Böyle bir anlayışı sergileyen insan tipi elbette her yerde olabildiği gibi Adalar’da da olabilir. Olmaması gereken şey böyle bir anlayışı ifade ve temsil edenlerin kabul görmesidir.
Adalar Vakfı’nın en azından son 10 yıl içinde Adalar İlçesi’yle ilgili neler yaptığı ya da neler yapmadığı düşünülecek olursa vakıf başkanının sözlerine şaşmamak gerekir. AKK konusunda ve belediyelerle ilişkilerde bu tür insanların zihin yapısı tam da böylesi hukuka aykırı, her türlü iktidardan yana davranışlara uygundur. İktidarların, hükümetlerin, devlet kurumlarının, belediyelerin iyi ya da kötü ve ne yazık ki genellikle kötü yaptıklarının hepsine katılırlar. Bu anlayış ve davranış içinde olanların iyi bir şey yapmaları biat ederek birlikte çalıştıkları iktidarların iyi bir şey yapmaları tesadüfüne bağlıdır.

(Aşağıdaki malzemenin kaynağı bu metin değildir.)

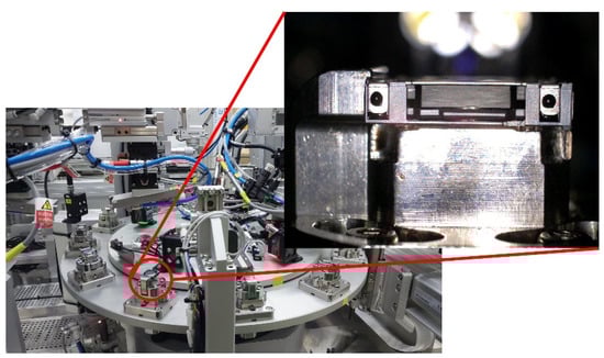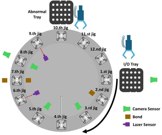 Figure 8a illustrates the conventional inspection method, in which a worker visually inspects each module through a microscope. Figure 8b shows a close-up photograph of a camera equipped with an integrated flash capturing an OIS actuator mounted in the jig. Figure 8c presents the automated defect classification device, which consists of 12 jigs, five fixed cameras, two laser sensors, input/output trays, and a separate reject tray. The device operates as follows: a robotic arm picks one of the 20 OIS actuator modules placed in a 5 × 4 tray, captures an image with the first camera, and then places the module into the first jig. The jigs are mounted on a rotating platform and pass through 12 stages, including adhesive dispensing, filter attachment, imaging, orientation adjustment, and gap inspection. At the eighth jig position, images of both the hook1 and hook2 surfaces are captured simultaneously and are directly used for gap-based defect classification. At the ninth jig, a laser sensor checks the orientation of the module, and at the tenth jig, modules are sorted based on the final defect classification result: a module classified as normal is rotated back to the starting point and placed onto the input/output tray, whereas a defective one is transferred to the reject tray at the tenth jig. The entire cycle takes approximately one minute. Figure 9 presents the full schematic of the automated defect classification device. This precise and fully automated setup enables the consistent collection of high-quality data, supporting the development of a reliable and practical defect classification algorithm under real manufacturing conditions.
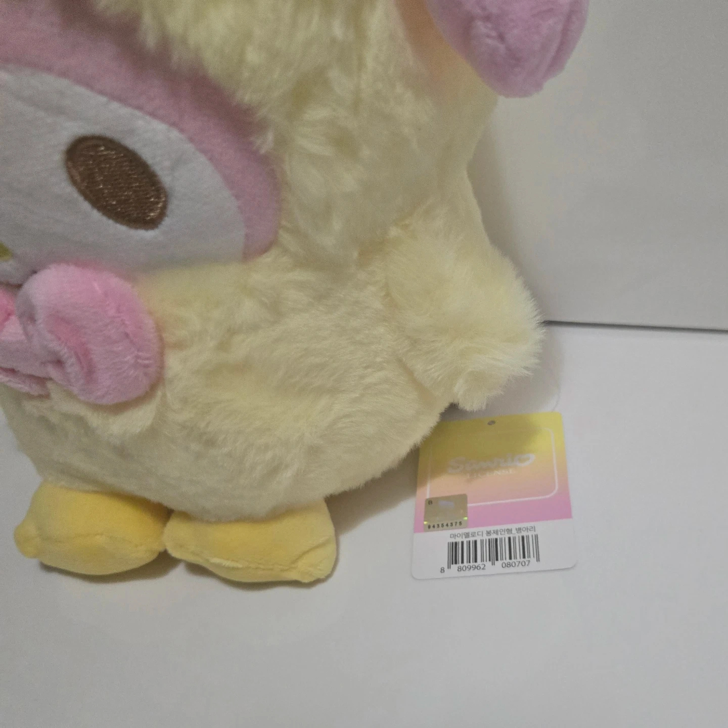 This is a super cute Sanrio My Melody plush! It's yellow and features My Melody dressed as a chick. Giftable

Son bir not olarak şuna da işaret etmek gerekiyor:
2019 yılında iki kez yapılan AKK genel kurulunun belediye başkanı tarafından iptal edilen ilk toplantısında Adalar Vakfı (Halim Bulutoğlu) dahil toplantının iptalini protesto ederek ikinci toplantıya katılmayanlarda hukuk ve yasa ilkelerine bağlı hiçbir ilkesel anlayış sözkonusu değildi eğer öyle olsaydı bunu İAKTVKD gibi daha o ilk toplantıdan önce yaparlardı. Bu grubun protestosunun nedeni AKK yönetim kurulu için kendi listelerini kabul ettiremeyişleriydi ve kendi listeleri de 2014 AKK yönetiminin devamından başka bir şey değildi. Bulutoğlu her zamanki gibi laf oyunlarıyla anlattığı gerçeğe aykırı hikâyelere herkesin inanacağını sanıyorsa yanılıyor. Kendisi iktidar olmayınca bir süre küskün oturup şimdi belediyelerle yeni anlaşmaların eşiğinde barış perisi rolüne soyunmasının herhangi hukuk ya da demokrasi ilkesiyle en ufak bir ilgisi yoktur; yönetime ortak olarak iktidardan pay almak istiyor, hepsi bu. Berikilerin, belediyelerin de böyle ilkesiz arabulucu rolünde hem müşteri hem satıcı olabilenlere ihtiyacı var.